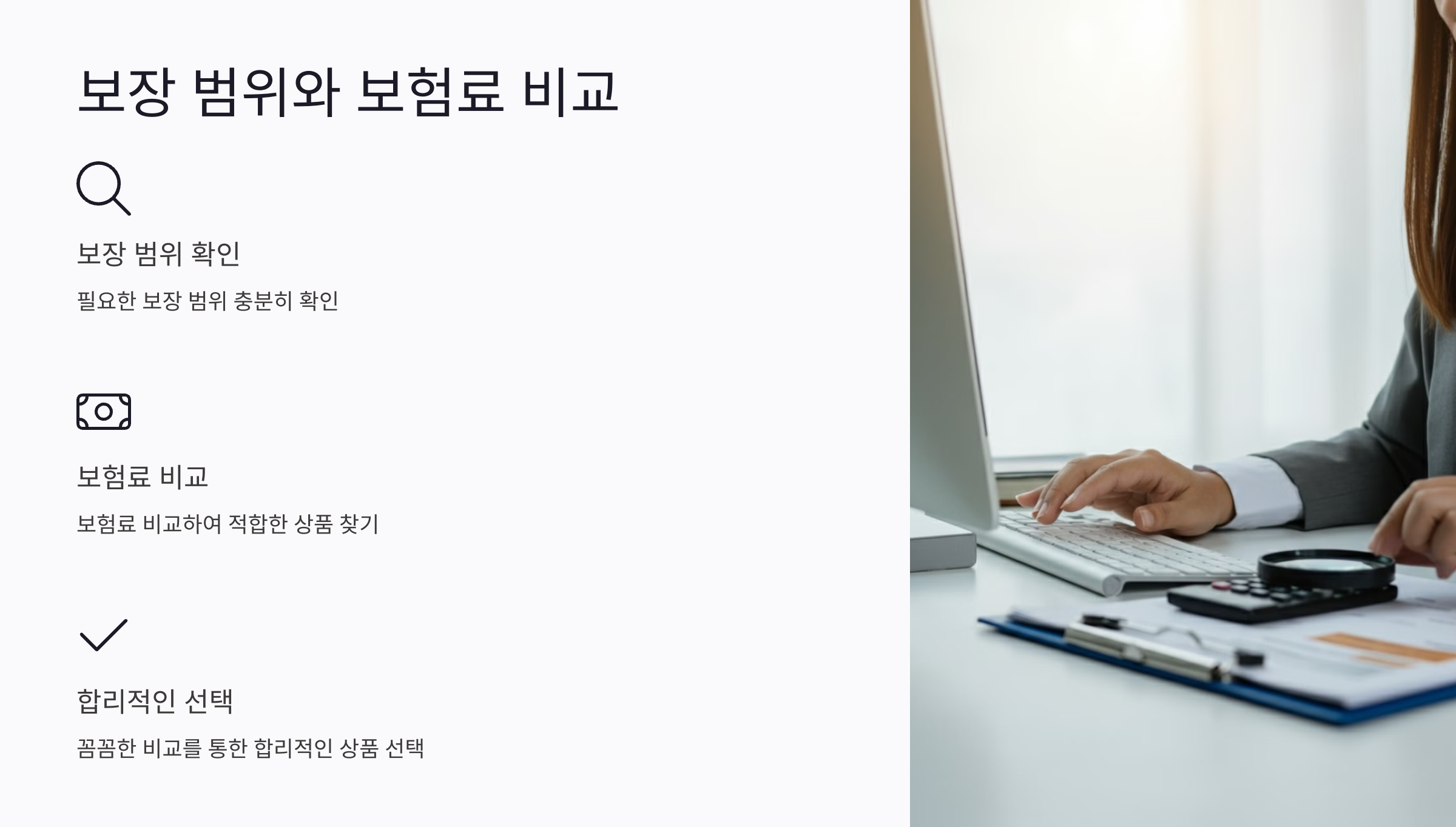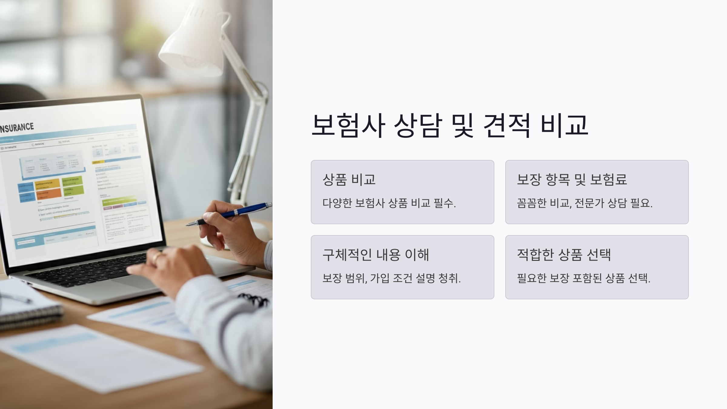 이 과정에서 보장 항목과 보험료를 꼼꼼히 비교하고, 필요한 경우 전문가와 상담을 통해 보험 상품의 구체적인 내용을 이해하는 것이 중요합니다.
————————
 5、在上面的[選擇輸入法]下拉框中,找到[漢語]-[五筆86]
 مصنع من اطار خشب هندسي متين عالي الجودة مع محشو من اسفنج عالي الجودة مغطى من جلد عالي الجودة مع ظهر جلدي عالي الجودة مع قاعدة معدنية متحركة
————————
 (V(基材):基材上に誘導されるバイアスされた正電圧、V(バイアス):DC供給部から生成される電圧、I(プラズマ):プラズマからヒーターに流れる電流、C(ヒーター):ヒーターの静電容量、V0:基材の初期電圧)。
————————
The lines above starting at the one that contains "5、在上面的[選擇輸入法]下拉框中,找到[漢語]-[五筆86]" and ending at the one that contains "مصنع من اطار" must be transcribed exactly, and no other lines may appear.

* **Written answer**
 5、在上面的[選擇輸入法]下拉框中,找到[漢語]-[五筆86]
 مصنع من اطار خشب هندسي متين عالي الجودة مع محشو من اسفنج عالي الجودة مغطى من جلد عالي الجودة مع ظهر جلدي عالي الجودة مع قاعدة معدنية متحركة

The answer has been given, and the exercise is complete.